In Übereinstimmung mit der Gesamtlinie der Menschewiki hielt es Innenminister Zeretelli, der die Verantwortung für die bald darauf erfolgten Verhaftungen der Bolschewiki übernahm, für nötig, allerdings unter dem Druck der bolschewistischen Fraktion, in der Sitzung des Exekutivkomitees zu erklären, er persönlich verdächtige die bolschewistischen Führer der Spionage nicht, beschuldige sie aber der Verschwörung und des bewaffneten Aufstandes. Als am 13. Juli Liber eine Resolution einbrachte, die die bolschewistische Partei eigentlich außer Gesetz stellte, fand er den Vorbehalt notwendig: "Ich selbst halte die gegen Lenin und Sinowjew gerichtete Beschuldigung für völlig unbegründet." Erklärungen solcher Art nahmen alle schweigend und finster auf: den Bolschewiki erschienen sie würdelos ausweichend, den Patrioten überflüssig, da unvorteilhaft.

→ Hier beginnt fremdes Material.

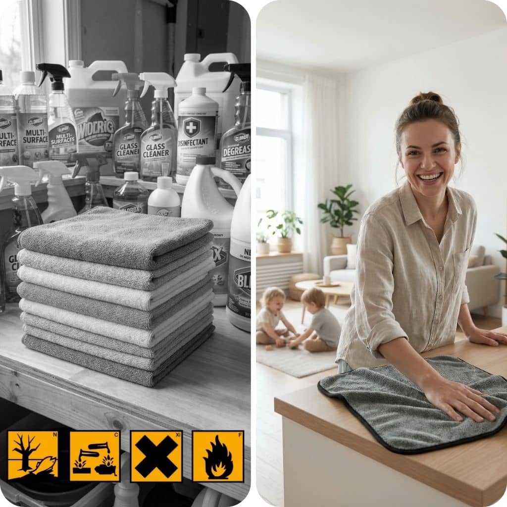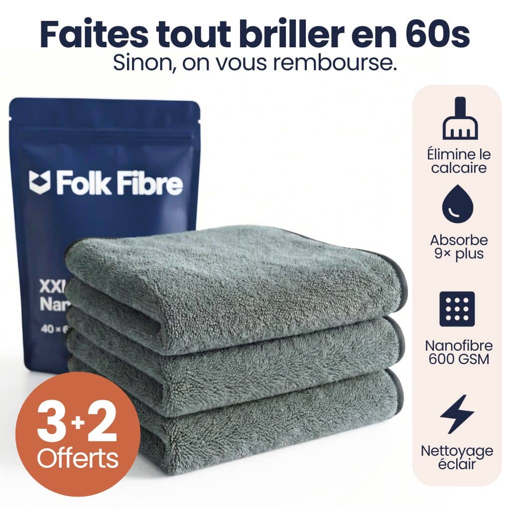 Après 2 ans de tests, nous avons créé la Serviette nanofibre XXL FolkFibre. Déjà adoptée par plus de 8 418 mamans, mamies et parents débordés partout en Europe, lassés de frotter et de gaspiller leur argent en sprays.

Bei seinem Auftreten in der Vereinigten Sitzung beider Exekutivkomitees am I7. sagte Trotzki: "Es wird eine unerträgliche Atmosphäre geschaffen, in der ihr ebenso ersticken werdet wie wir. Man schleudert schmutzige Beschuldigungen gegen Lenin und Sinowjew." (Eine Stimme: "Mit Recht." Lärm. Trotzki fährt fort:) "Es gibt hier im Saale, wie sich herausstellt, Menschen, die mit den Beschuldigungen sympathisieren. Hier gibt es Menschen, die sich an die Revolution nur herangeschmiert haben." (Lärm. Die Glocke des Vorsitzenden braucht lange zur Wiederherstellung der Ruhe.) "... Lenin hat für die Revolution dreißig Jahre gekämpft. Ich kämpfe zwanzig Jahre gegen die Unterdrückung der Volksmassen. Und wir können nur Haß gegen den deutschen Militarismus hegen ... Auf diesem Gebiet gegen uns einen Verdacht aussprechen kann nur jemand, der nicht weiß, was ein Revolutionär ist. Ich war vom deutschen Gericht zu acht Monaten Gefängnis verurteilt für den Kampf gegen den deutschen Militarismus ... und das wissen alle. Erlaubt keinem hier in diesem Saale auszusprechen, daß wir Mietlinge Deutschlands seien, denn dies ist nicht die Stimme überzeugter Revolutionäre, sondern die Stimme der Niedertracht." (Beifall.) So ist die Episode in der antibolschewistischen Presse jener Zeit dargestellt, - die bolschewistische war bereits verboten. Es muß jedoch erklärt werden, daß der Beifall nur aus dem kleinen linken Sektor kam; ein Teil der Deputierten brüllte haßerfüllt, die Mehrheit schwieg sich aus. Doch niemand, auch nicht einer von den offenen Agenten Kerenskis, bestieg die Tribüne, um die offizielle Version der Beschuldigung zu unterstützen oder auch nur indirekt zu decken.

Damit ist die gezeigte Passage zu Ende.